Stored items
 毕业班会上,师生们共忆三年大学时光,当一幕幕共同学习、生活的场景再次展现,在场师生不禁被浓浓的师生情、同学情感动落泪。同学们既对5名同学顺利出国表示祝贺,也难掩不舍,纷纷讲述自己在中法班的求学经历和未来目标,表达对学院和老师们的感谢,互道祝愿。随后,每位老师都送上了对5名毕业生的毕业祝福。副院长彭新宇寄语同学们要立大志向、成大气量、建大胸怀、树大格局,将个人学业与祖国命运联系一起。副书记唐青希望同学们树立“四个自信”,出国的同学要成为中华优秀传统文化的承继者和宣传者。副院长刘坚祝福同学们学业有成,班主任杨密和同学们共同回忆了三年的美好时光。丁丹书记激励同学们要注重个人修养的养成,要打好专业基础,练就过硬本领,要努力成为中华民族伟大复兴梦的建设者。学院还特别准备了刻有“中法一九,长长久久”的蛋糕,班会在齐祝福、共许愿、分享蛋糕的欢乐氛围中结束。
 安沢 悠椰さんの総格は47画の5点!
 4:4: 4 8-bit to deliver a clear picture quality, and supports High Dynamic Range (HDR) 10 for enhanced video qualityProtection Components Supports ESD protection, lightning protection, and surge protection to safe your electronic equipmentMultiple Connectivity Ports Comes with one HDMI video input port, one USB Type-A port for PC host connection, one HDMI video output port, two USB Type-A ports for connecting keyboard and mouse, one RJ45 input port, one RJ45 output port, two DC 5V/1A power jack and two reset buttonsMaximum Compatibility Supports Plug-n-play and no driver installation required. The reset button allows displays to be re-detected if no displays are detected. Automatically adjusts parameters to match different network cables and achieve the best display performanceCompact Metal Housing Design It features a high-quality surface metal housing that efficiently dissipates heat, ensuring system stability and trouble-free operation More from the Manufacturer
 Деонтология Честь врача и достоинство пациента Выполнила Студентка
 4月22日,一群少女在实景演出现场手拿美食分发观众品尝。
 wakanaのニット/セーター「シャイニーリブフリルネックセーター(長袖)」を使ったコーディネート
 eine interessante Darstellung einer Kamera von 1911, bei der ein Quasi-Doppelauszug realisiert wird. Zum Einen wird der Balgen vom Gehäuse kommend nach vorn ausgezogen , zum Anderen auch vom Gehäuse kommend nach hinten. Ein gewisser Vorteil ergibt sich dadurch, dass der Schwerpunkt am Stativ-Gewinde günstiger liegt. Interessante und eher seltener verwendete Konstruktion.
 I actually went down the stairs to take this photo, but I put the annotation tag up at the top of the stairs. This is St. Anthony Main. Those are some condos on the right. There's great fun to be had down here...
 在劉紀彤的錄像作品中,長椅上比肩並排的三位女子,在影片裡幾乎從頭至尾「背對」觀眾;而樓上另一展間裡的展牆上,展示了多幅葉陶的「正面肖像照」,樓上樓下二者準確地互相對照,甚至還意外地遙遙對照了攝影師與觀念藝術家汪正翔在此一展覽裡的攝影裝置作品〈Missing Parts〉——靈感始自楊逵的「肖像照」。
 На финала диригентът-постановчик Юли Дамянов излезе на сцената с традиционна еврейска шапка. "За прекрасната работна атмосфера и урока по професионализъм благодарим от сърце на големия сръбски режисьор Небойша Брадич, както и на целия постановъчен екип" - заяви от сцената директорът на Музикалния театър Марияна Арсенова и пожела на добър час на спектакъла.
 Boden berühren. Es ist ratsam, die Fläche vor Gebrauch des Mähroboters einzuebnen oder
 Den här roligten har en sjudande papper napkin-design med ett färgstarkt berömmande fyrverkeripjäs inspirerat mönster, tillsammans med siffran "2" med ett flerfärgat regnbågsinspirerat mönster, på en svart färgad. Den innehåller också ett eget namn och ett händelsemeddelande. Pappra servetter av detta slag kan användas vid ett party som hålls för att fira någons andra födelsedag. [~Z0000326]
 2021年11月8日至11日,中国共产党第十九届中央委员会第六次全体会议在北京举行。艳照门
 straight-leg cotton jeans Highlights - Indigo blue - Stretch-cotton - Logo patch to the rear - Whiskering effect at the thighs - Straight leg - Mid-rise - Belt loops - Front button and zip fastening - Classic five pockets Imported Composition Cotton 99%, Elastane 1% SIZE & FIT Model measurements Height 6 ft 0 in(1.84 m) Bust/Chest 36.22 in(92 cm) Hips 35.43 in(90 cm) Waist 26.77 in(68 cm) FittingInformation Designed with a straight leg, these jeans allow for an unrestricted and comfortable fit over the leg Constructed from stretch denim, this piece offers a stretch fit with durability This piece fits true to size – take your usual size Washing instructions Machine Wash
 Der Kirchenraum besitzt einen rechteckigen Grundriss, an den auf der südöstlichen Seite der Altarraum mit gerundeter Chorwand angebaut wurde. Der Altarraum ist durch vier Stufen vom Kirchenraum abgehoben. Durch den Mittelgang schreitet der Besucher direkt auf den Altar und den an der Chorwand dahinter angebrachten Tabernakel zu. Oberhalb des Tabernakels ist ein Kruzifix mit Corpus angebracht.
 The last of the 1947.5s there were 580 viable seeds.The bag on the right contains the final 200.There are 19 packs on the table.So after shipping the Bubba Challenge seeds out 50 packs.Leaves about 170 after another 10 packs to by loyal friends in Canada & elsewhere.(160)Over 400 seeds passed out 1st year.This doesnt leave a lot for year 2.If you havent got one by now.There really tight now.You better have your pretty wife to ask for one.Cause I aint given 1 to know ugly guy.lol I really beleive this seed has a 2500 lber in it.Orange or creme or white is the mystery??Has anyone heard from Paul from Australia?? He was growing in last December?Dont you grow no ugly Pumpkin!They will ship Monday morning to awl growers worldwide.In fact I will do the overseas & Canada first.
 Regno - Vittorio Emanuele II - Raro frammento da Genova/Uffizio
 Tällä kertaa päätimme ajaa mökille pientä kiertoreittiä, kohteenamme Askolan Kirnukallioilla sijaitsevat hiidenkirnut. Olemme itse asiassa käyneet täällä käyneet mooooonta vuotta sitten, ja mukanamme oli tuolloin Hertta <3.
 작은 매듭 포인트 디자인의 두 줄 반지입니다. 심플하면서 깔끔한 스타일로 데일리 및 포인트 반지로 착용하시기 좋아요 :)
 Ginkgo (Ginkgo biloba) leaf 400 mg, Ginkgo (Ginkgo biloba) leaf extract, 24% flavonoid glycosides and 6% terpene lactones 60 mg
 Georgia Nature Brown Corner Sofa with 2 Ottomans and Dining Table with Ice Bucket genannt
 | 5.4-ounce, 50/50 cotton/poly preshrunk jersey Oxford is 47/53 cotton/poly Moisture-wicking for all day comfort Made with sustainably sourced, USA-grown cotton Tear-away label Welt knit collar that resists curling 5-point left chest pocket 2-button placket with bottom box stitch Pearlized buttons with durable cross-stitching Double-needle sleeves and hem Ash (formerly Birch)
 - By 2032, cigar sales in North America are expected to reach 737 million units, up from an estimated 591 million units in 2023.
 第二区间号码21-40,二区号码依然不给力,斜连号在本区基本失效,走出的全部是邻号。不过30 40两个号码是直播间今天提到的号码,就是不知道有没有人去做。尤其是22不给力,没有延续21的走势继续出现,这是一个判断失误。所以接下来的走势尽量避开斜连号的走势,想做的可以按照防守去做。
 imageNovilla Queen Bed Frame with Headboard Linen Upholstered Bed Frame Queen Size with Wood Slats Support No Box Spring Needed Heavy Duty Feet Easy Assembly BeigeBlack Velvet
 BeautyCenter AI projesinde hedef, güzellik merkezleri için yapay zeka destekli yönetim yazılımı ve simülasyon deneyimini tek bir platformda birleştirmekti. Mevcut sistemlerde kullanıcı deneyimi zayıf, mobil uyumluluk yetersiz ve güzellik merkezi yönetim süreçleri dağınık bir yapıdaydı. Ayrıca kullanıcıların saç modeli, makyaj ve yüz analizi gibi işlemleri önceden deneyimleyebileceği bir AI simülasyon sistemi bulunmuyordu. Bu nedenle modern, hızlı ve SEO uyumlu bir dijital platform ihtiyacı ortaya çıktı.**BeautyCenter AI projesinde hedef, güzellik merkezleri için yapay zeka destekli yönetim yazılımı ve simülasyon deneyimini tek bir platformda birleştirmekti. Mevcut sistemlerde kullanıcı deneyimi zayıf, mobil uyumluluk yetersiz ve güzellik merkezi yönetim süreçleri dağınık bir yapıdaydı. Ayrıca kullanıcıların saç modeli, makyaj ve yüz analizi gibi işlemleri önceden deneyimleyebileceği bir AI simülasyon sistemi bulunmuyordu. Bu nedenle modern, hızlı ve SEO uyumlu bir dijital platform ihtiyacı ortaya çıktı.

What needs to be done
Starting with the line with "eine interessante Darstellung" above and going on through the line with "2021年11月8日至11日", transcribe every line exactly, both ends included, and add nothing.

Your solution
 eine interessante Darstellung einer Kamera von 1911, bei der ein Quasi-Doppelauszug realisiert wird. Zum Einen wird der Balgen vom Gehäuse kommend nach vorn ausgezogen , zum Anderen auch vom Gehäuse kommend nach hinten. Ein gewisser Vorteil ergibt sich dadurch, dass der Schwerpunkt am Stativ-Gewinde günstiger liegt. Interessante und eher seltener verwendete Konstruktion.
 I actually went down the stairs to take this photo, but I put the annotation tag up at the top of the stairs. This is St. Anthony Main. Those are some condos on the right. There's great fun to be had down here...
 在劉紀彤的錄像作品中,長椅上比肩並排的三位女子,在影片裡幾乎從頭至尾「背對」觀眾;而樓上另一展間裡的展牆上,展示了多幅葉陶的「正面肖像照」,樓上樓下二者準確地互相對照,甚至還意外地遙遙對照了攝影師與觀念藝術家汪正翔在此一展覽裡的攝影裝置作品〈Missing Parts〉——靈感始自楊逵的「肖像照」。
 На финала диригентът-постановчик Юли Дамянов излезе на сцената с традиционна еврейска шапка. "За прекрасната работна атмосфера и урока по професионализъм благодарим от сърце на големия сръбски режисьор Небойша Брадич, както и на целия постановъчен екип" - заяви от сцената директорът на Музикалния театър Марияна Арсенова и пожела на добър час на спектакъла.
 Boden berühren. Es ist ratsam, die Fläche vor Gebrauch des Mähroboters einzuebnen oder
 Den här roligten har en sjudande papper napkin-design med ett färgstarkt berömmande fyrverkeripjäs inspirerat mönster, tillsammans med siffran "2" med ett flerfärgat regnbågsinspirerat mönster, på en svart färgad. Den innehåller också ett eget namn och ett händelsemeddelande. Pappra servetter av detta slag kan användas vid ett party som hålls för att fira någons andra födelsedag. [~Z0000326]
 2021年11月8日至11日,中国共产党第十九届中央委员会第六次全体会议在北京举行。艳照门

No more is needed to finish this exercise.